** Supplied material follows **

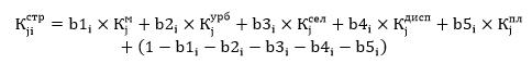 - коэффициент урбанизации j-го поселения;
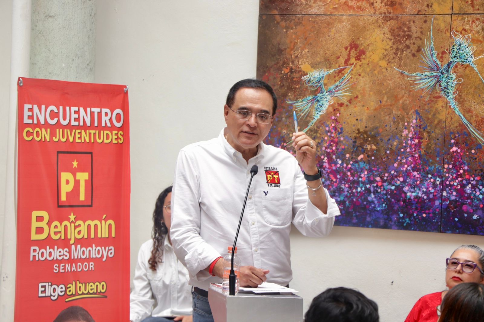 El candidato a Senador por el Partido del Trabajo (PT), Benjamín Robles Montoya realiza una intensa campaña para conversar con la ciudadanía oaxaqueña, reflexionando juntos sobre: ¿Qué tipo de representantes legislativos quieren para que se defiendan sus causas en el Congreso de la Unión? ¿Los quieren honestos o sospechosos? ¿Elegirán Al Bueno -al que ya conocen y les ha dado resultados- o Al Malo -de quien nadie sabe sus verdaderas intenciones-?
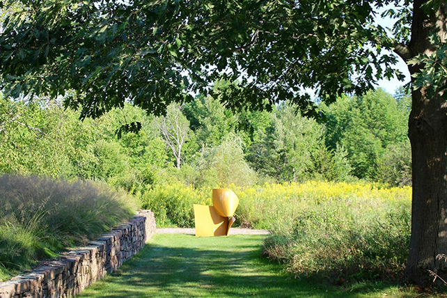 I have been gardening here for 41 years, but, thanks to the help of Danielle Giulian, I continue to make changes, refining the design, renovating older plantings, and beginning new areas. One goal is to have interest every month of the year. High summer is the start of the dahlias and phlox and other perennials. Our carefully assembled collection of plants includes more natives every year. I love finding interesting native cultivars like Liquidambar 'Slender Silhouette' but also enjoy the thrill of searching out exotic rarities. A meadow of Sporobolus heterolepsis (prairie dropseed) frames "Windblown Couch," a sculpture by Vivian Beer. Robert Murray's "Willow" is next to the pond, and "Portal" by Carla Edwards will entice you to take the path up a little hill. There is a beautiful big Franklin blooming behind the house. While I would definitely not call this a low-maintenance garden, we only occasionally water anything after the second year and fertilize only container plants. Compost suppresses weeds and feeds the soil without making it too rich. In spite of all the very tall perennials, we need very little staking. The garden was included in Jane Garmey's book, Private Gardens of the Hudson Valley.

** End of Supplied material **

Print the data above verbatim from the first line through the line holding "El candidato a", leaving every picture out.

## [Answer space]
 - коэффициент урбанизации j-го поселения;
 El candidato a Senador por el Partido del Trabajo (PT), Benjamín Robles Montoya realiza una intensa campaña para conversar con la ciudadanía oaxaqueña, reflexionando juntos sobre: ¿Qué tipo de representantes legislativos quieren para que se defiendan sus causas en el Congreso de la Unión? ¿Los quieren honestos o sospechosos? ¿Elegirán Al Bueno -al que ya conocen y les ha dado resultados- o Al Malo -de quien nadie sabe sus verdaderas intenciones-?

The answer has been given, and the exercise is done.